Earlier this week, the ALS Association announced FDA approval of AMX0035, also known as Relyvrio. The new treatment’s funding included donations from 2014’s ALS ice bucket challenge, which spread like wildfire across social media platforms worldwide.
The ice bucket challenge gained traction following its popularization by Patrick Quinn and Pete Frates. As ALS patients themselves, they are responsible for considerable increases in awareness, engagement, and fundraising following the challenge’s 2014 rise. Former professional golfer Chris Kennedy also helped expose the movement to the mainstream. His video served as a springboard for the challenge to reach a larger, higher-profile audience.
Social media’s role in advancing the challenge and its cause was enormous. According to data provided by Facebook, the number of users engaging in conversations about the ALS ice bucket challenge rose from zero in early June 2014 to more than 6 million by August 10th, 2014. Following this climb, the number of conversations regarding the challenge suddenly quadrupled, engaging more than 24 million users as of August 17th, 2014. Talk about going viral.
This massive spike in engagement drew the likes of social media users from all walks of life, including Facebook’s own Mark Zuckerberg. This exposure led to challenges for other high-profile and deep-pocketed celebrities, including Bill Gates, Facebook’s Sheryl Sandberg, and Netflix CEO Reed Hastings.
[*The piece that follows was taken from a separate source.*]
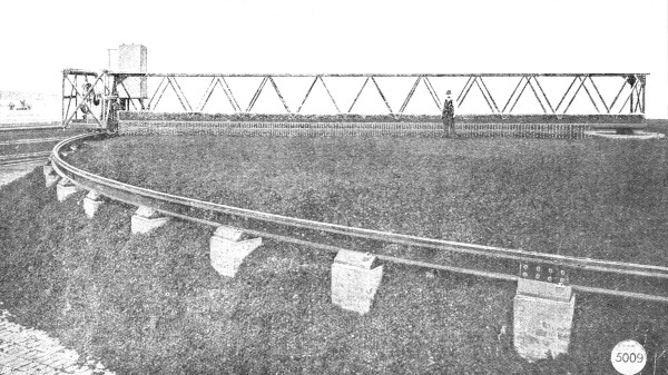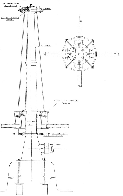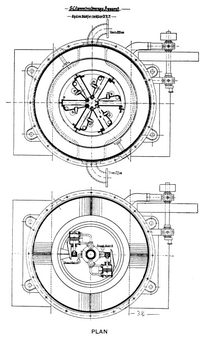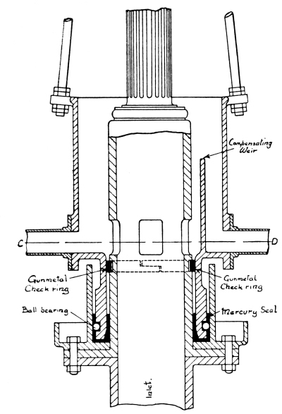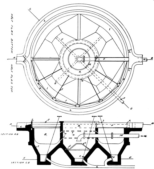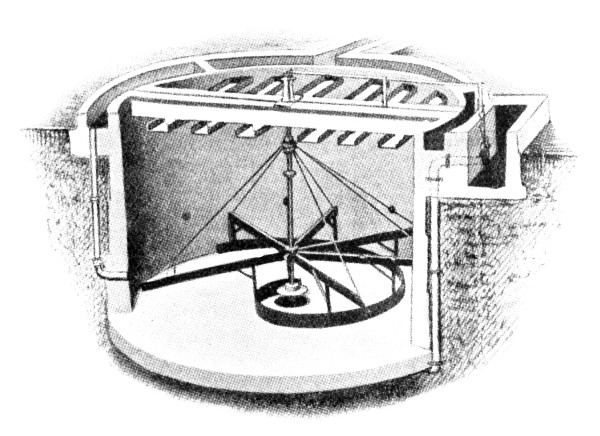 Special Apparatus for Sludge Removal.—A further type of detritus tank is illustrated in Fig. 15, in which the tank is circular in form but has a flat bottom. The sludge is discharged by the same means as that shown in Fig. 14, but a special scraping machine operated by hand is used to facilitate the removal of the sludge by drawing it towards the inlet to the sludge pipe, which is situated at the centre of the floor. The scraper, which is manufactured by Messrs. Ham, Baker and Co., is helical in form, and is attached to and rigidly supported by a framework mounted on the central shaft, which is rotated by suitable gearing fixed at the side of the tank over the sludge discharge inspection chamber, so that the operator may be able to regulate the rate of the sludge delivery. It will be noticed that the outlet from this tank is by means of cross-channels, described in detail later in connection with sedimentation tanks.

Amyotrophic Lateral Sclerosis, also known as Lou Gehrig’s disease, is a progressive neurological disease that leads to a decline in motor neurons. While the condition does not affect a person’s mental ability, it leads to strength and muscle loss, resulting in the immobility of the limbs and body and, eventually, the inability to breathe.
The donations received from the challenge directly impacted the ALS Association’s ability to support the new drug’s development. In 2016, the association provided Amylyx Pharmaceuticals with a $750,000 grant to support the new drug’s clinical trial pilot program. A month later, it furnished another $1.46 million in donated funds to the Northeast ALS Consortium (NEALS) to support AMX0035’s phase 2 clinical trials.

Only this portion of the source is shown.